- DATA FOR ANALYSIS:
+--

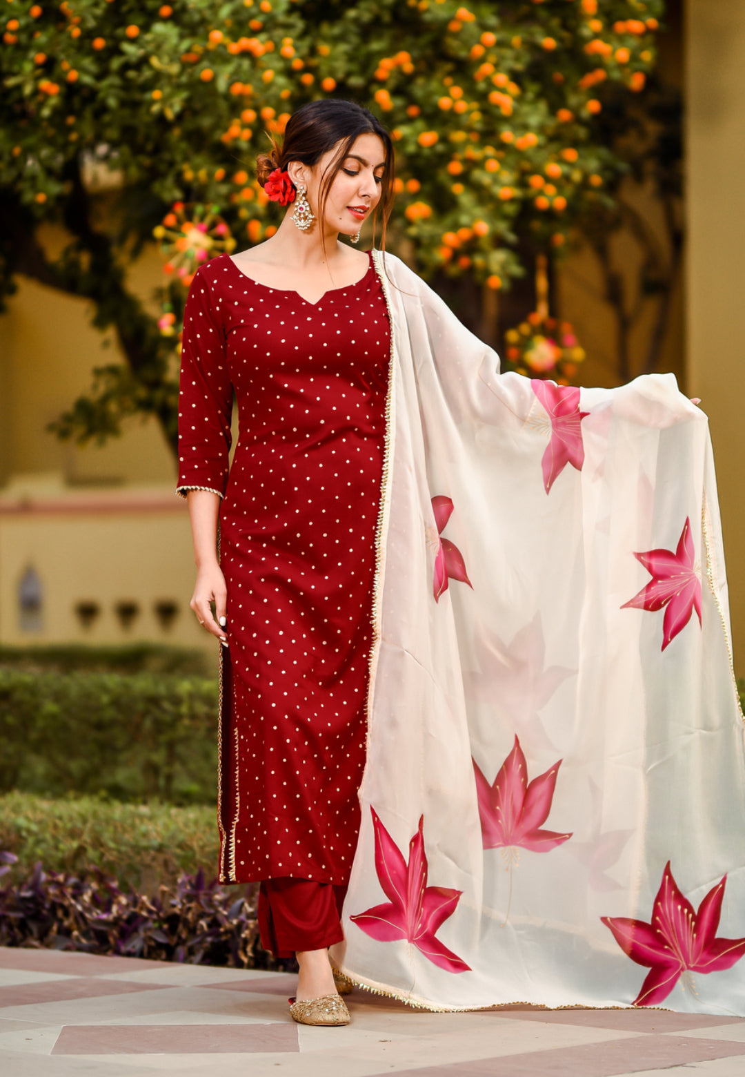 Set of 3 includes kurta, pants and dupatta.
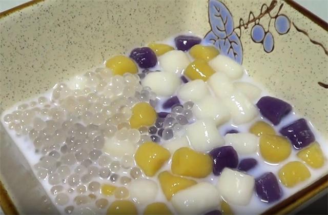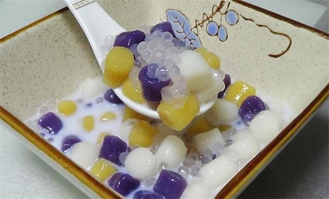 9.然后把芋圆放入碗中,再加入西米,根据喜好再倒入牛奶或者椰奶,还可以添加喜欢的水果,这样一碗好吃的三色芋圆就做好了,Q弹爽滑,适合家中自己做,喜欢的朋友可以试一试。 |
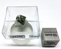 Коллекция Систематическая коллекция, №93106. Белое зерно баллираноита размером около 0,5см в флогопит- кальцит- апатит- гумитовом агрегате. Длина экспоната 1.0 см.Размер минерала 5.00 см.
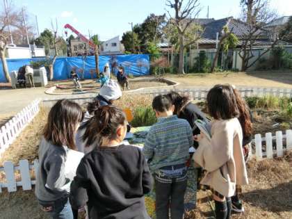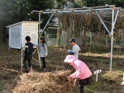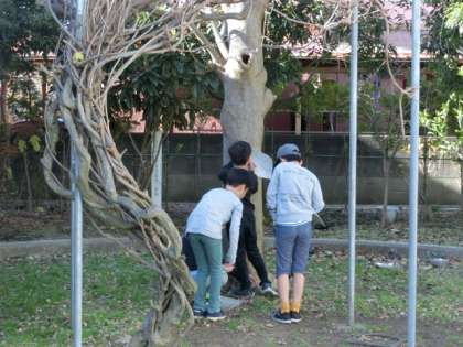 1組は屋外んでの理科の授業です。「磁石のひみつ」の単元の学習で、磁石にくっつくものを探しました。友達同士で相談しながら、学級園にあるもので認していきます。どんな素材が磁石に反応するかを自分の手で調べることで、学習内容の定着が進みます。暖かな日射しの下で、子どもたちは楽しそうに活動に取り組んでいました。
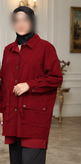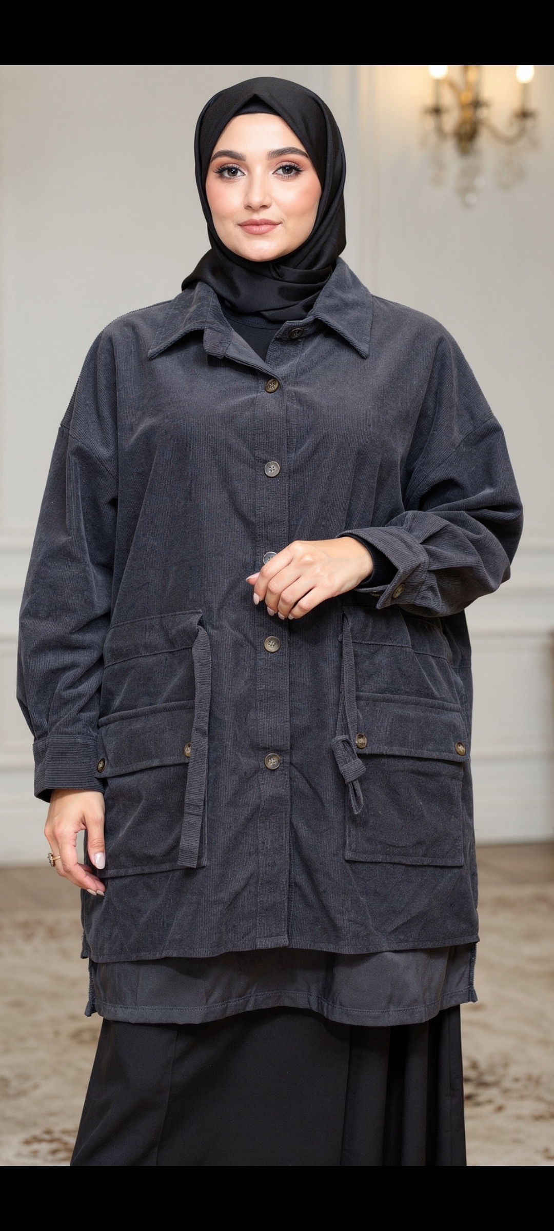 توجه داشته باشین که اون قسمت پایین مانتو از سمت جلوی کار کوتاهتر هست نسبت به پشت کار و مدل لباس برای حجاب زیر مانتویی پوشیده
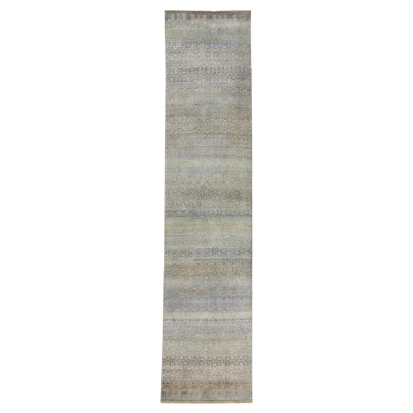 This Grey Alchemy Transitional Runner offers a blend of classic craftsmanship and modern design. Measuring 3 feet by 13 feet 9 inches, this hand-knotted rug provides a durable and stylish accent for various home settings. Crafted in India, this runner combines the strength and resilience of wool with the soft sheen of silk. This material blend results in a rug that is both robust and features a subtle luster, enhancing its visual appeal. The hand-knotted construction signifies a high level...
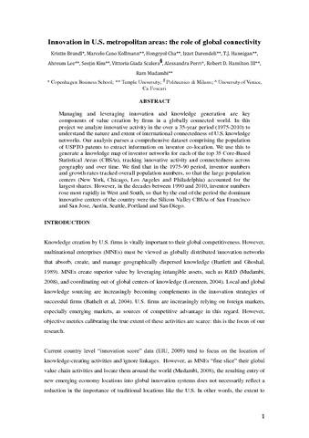 Brandl, K., Kollmann, M. C., Cha, H., Darendeli, I., Hannigan, T.J., Lee, A., Kim, S., Giada Scalera, V., Perri, A., Hamilton, R. D. and Mudambi, R. (2015) Innovation in US metroploitan areas: the role of global connectivity. In: Belussi, F. and Orsi, L. (eds.) Innovation, alliances, and networks in high-tech environments. Routledge, Abingdon. ISBN 9781138846609
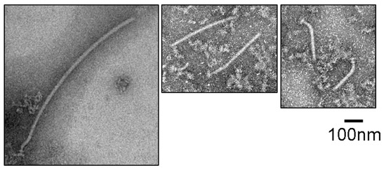 The hook–basal body complexes were purified according to the method described by Terashima et al. [29]. The IMV was solubilized by 0.1% (v/v) Triton X-100. The suspension was ultra-centrifuged at 150,000× g for 30 min. The filament–hook–basal body complex was precipitated and suspended in TET solution (10 mM Tris-HCl pH 8.0, 1 mM EDTA, 0.1% (v/v) Triton X100). In order to completely dissolve the membrane, the suspension was mixed with 1 mL of alkali solution (10% (w/v) sucrose, 0.1% (v/v) Triton X100, 0.1 M KCl, adjusted to pH 11.0 by KOH). The suspension was layered on 1 mL of 35% (w/v) sucrose solution prepared by dissolving sucrose in TET solution in an ultra-centrifuge tube. After incubation on ice for 30 min, the suspension was ultra-centrifuged at 38,000 rpm (Beckman TLA100.3 rotor) for 30 min to precipitate the filament–hook–basal body. The precipitates were suspended in TET solution and then observed by electron microscopy.
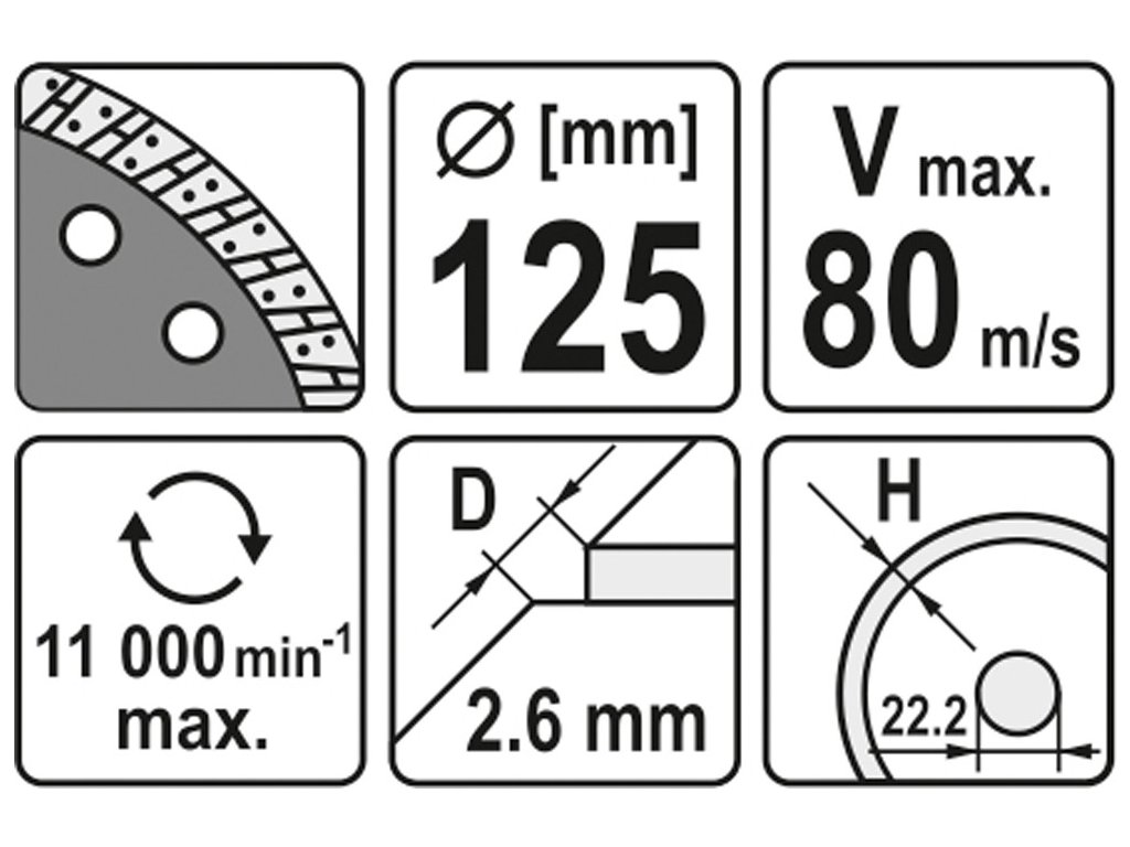 Kotouč řezný diamantový 125 x 22,2 x 2,6 mm turbo
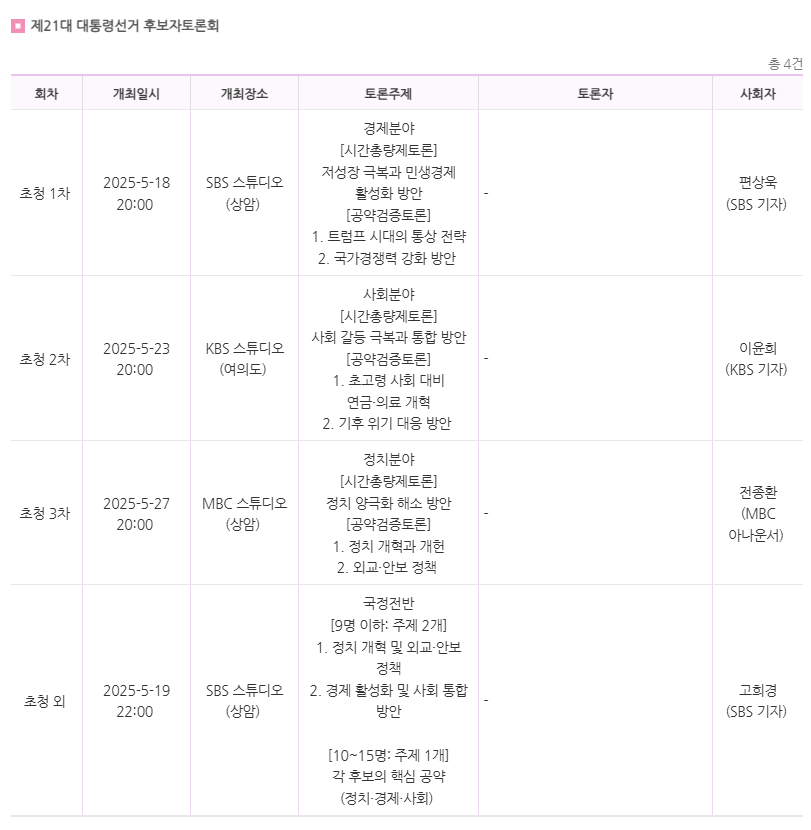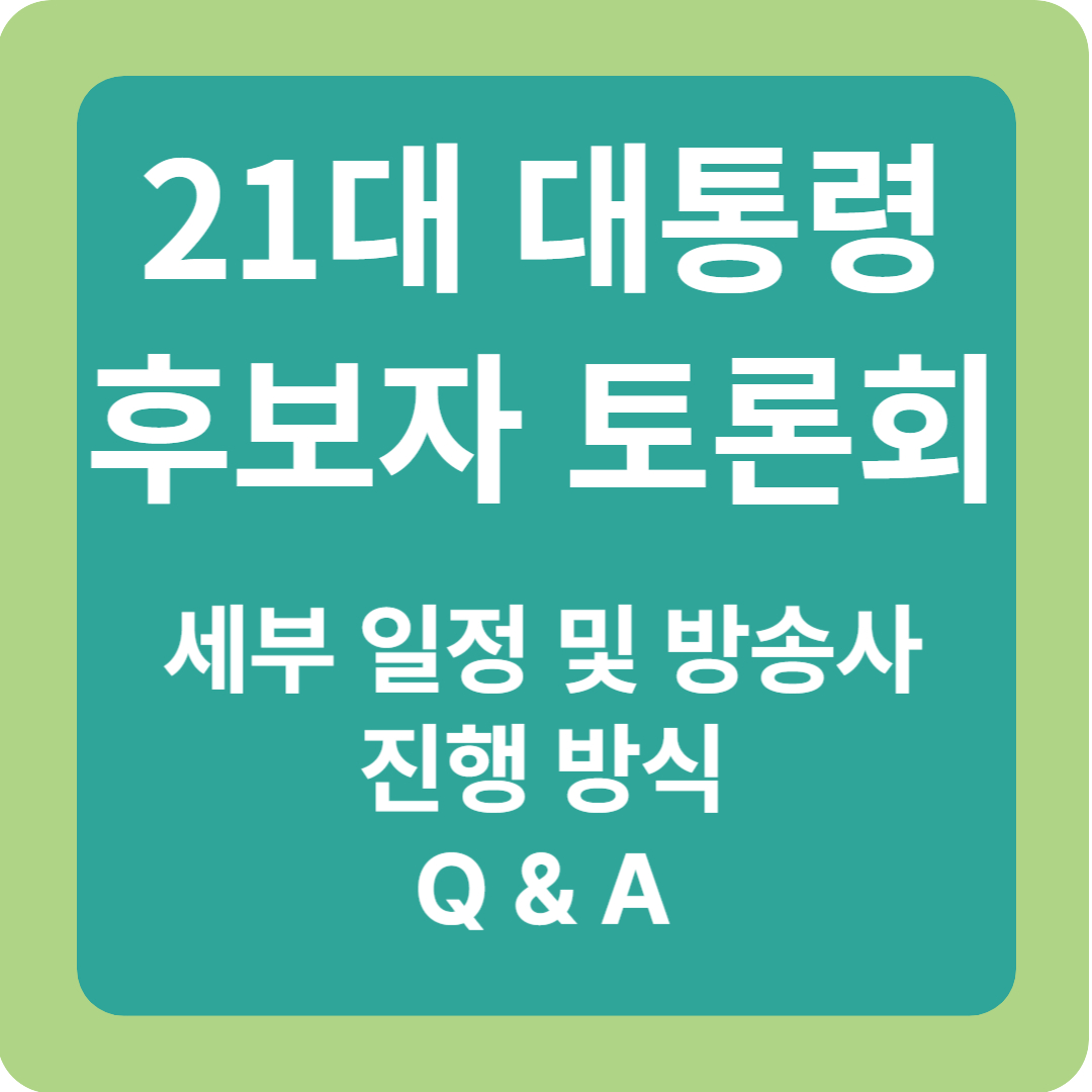 드디어 제21대 대통령선거 후보자토론회가 5월부터 본격적으로 시작됩니다. 후보자들의 정책과 철학, 비전을 직접 비교하고 평가할 수 있는 이 소중한 기회를 놓치지 마세요. 지금 이 글에서 각 토론 일정, 토론 방식, 주요 방송정보까지 한눈에 확인하실 수 있습니다.

+--

Could you repeat exactly the lines from the one containing "Kotouč řezný diamantový" to the last line of the records, both included, and leave out every picture?

- TASK RESULT:
 Kotouč řezný diamantový 125 x 22,2 x 2,6 mm turbo
 드디어 제21대 대통령선거 후보자토론회가 5월부터 본격적으로 시작됩니다. 후보자들의 정책과 철학, 비전을 직접 비교하고 평가할 수 있는 이 소중한 기회를 놓치지 마세요. 지금 이 글에서 각 토론 일정, 토론 방식, 주요 방송정보까지 한눈에 확인하실 수 있습니다.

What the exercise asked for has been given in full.